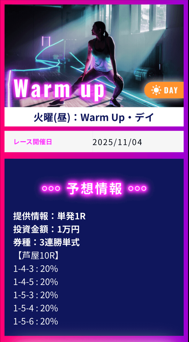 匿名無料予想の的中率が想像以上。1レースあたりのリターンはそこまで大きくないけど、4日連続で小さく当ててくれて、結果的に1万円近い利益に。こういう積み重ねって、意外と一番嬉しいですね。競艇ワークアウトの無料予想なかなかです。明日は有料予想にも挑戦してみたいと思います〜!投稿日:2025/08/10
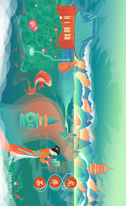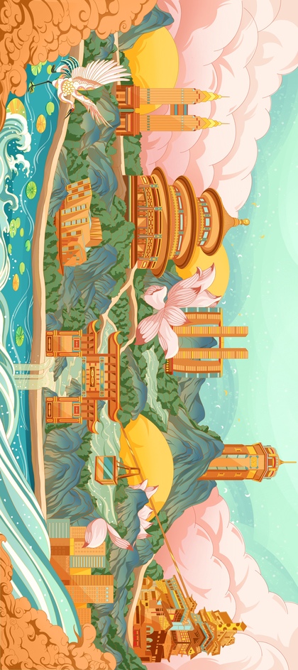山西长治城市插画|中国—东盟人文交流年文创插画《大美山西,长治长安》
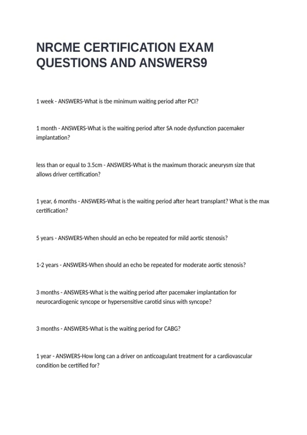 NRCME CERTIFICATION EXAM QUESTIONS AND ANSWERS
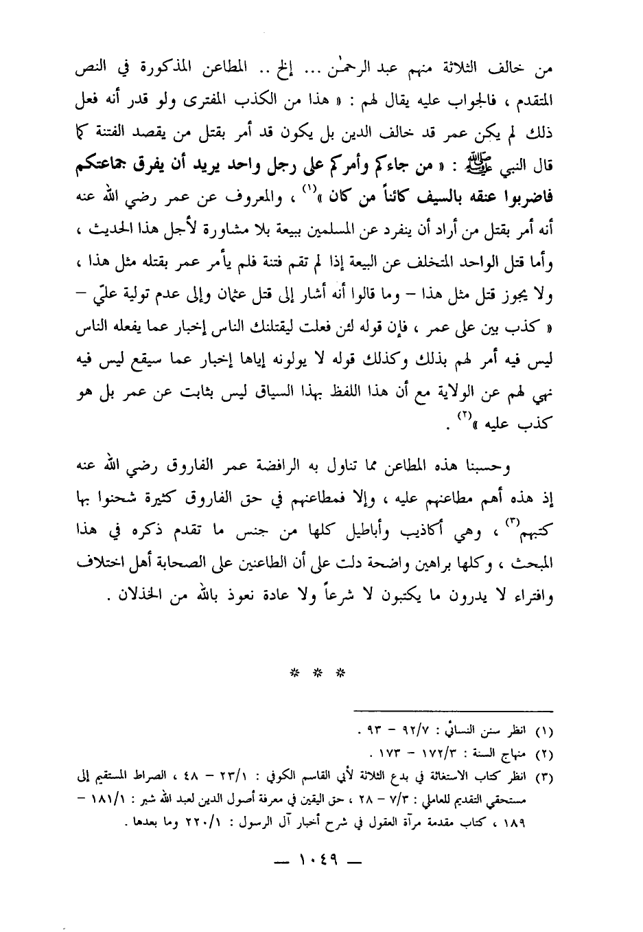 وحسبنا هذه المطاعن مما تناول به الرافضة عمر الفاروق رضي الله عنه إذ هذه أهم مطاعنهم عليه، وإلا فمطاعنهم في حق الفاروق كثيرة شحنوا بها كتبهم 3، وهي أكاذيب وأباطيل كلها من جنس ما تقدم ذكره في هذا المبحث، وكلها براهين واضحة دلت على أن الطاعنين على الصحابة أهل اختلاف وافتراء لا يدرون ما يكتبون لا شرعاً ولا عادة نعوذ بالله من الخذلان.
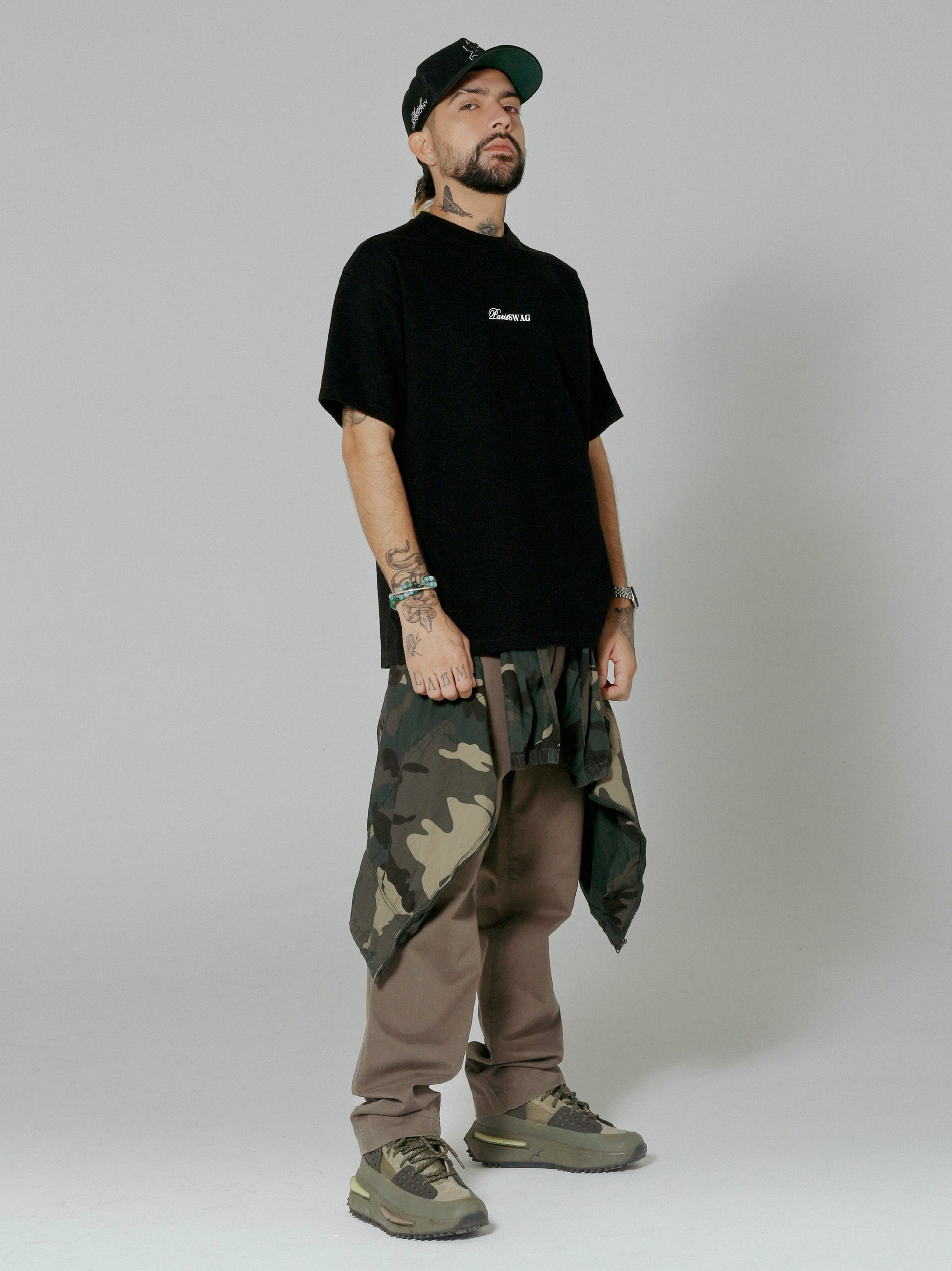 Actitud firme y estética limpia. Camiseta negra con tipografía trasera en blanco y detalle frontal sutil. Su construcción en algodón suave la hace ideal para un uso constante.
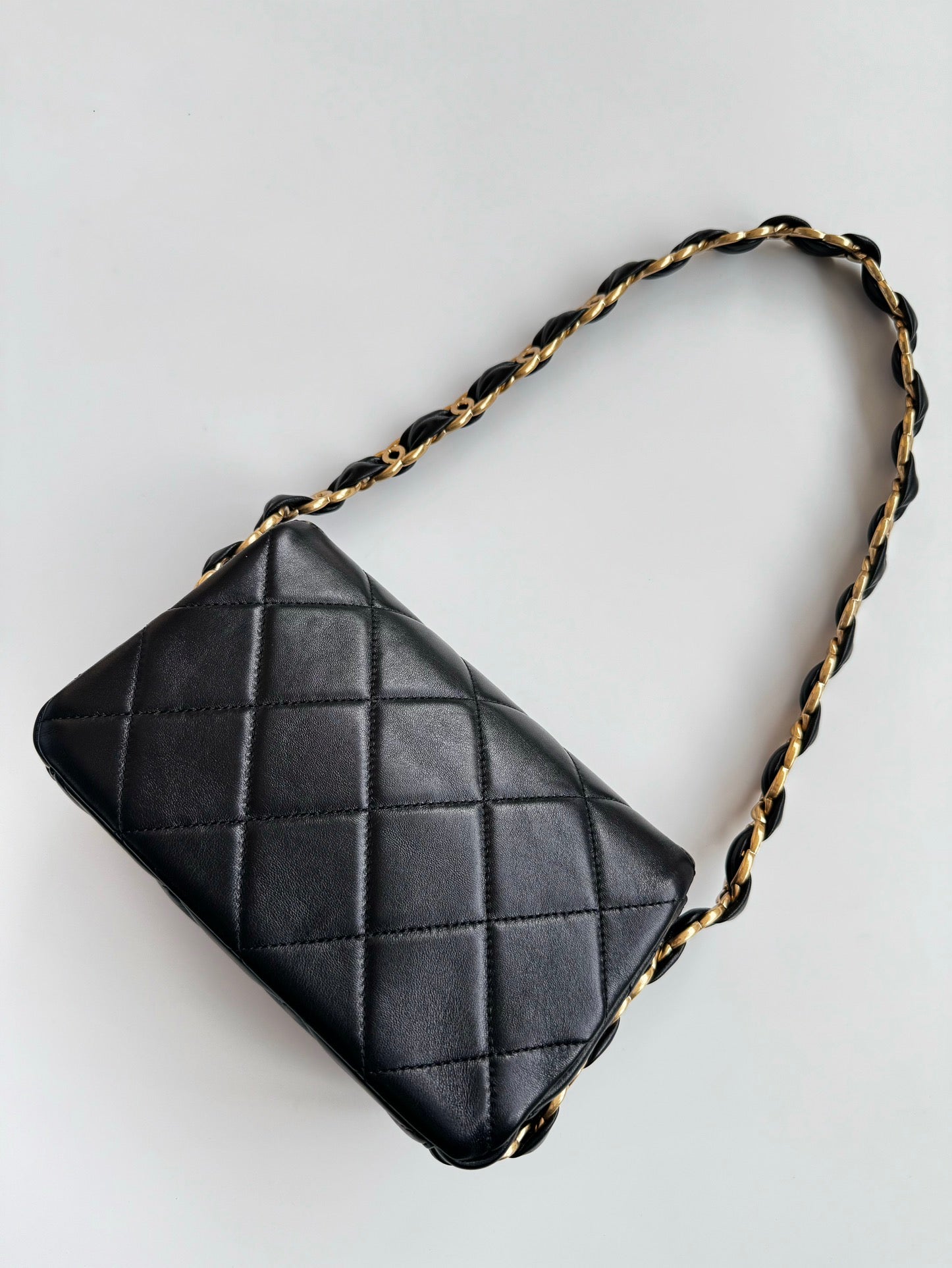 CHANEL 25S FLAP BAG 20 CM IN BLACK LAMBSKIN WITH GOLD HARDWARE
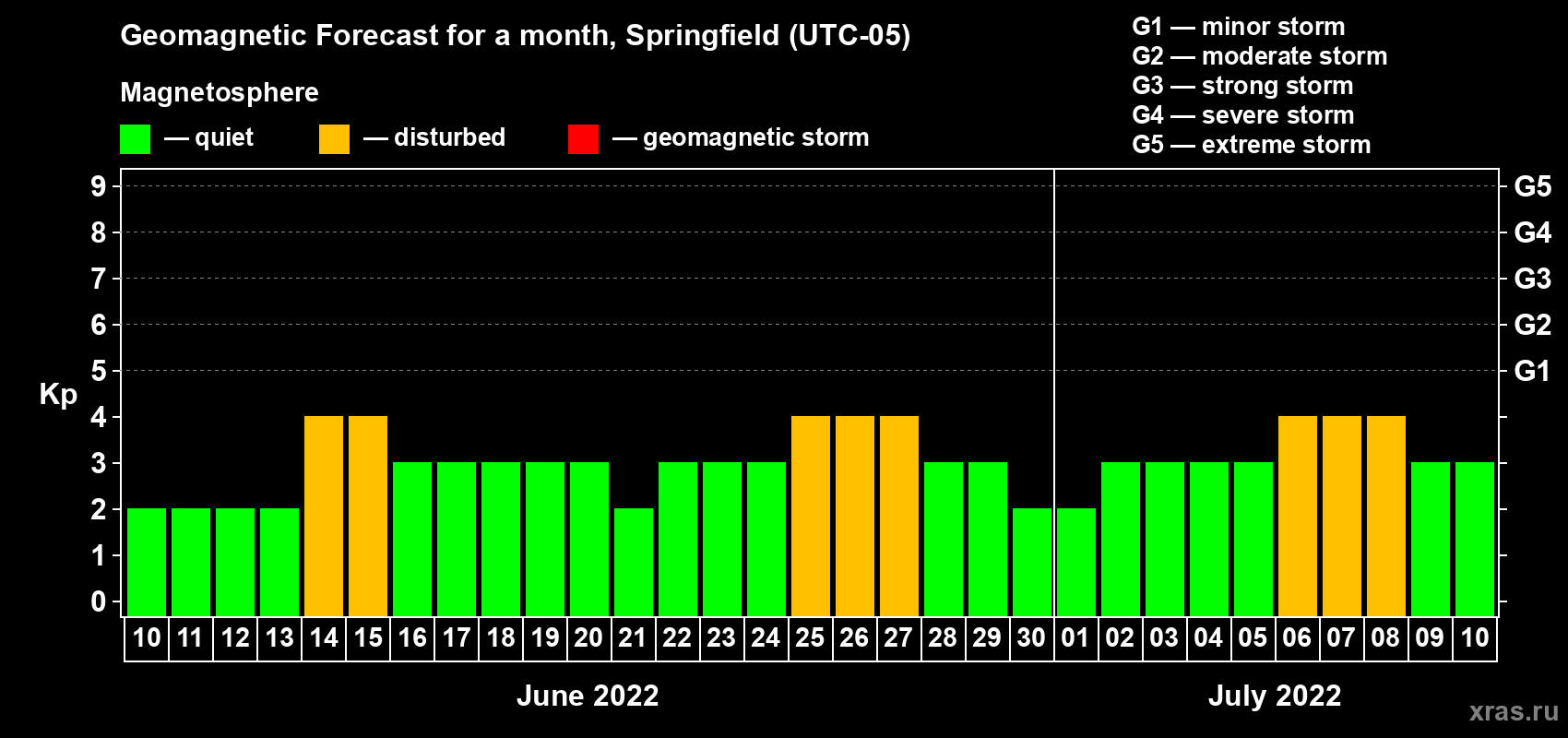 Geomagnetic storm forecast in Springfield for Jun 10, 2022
+++
→ YOUR OBJECTIVE: Would you restate word for word only the lines from the line with "CHANEL 25S FLAP" to the last line above, with the pictures left out?

→ RESULT OF THE EXERCISE:
 CHANEL 25S FLAP BAG 20 CM IN BLACK LAMBSKIN WITH GOLD HARDWARE
 Geomagnetic storm forecast in Springfield for Jun 10, 2022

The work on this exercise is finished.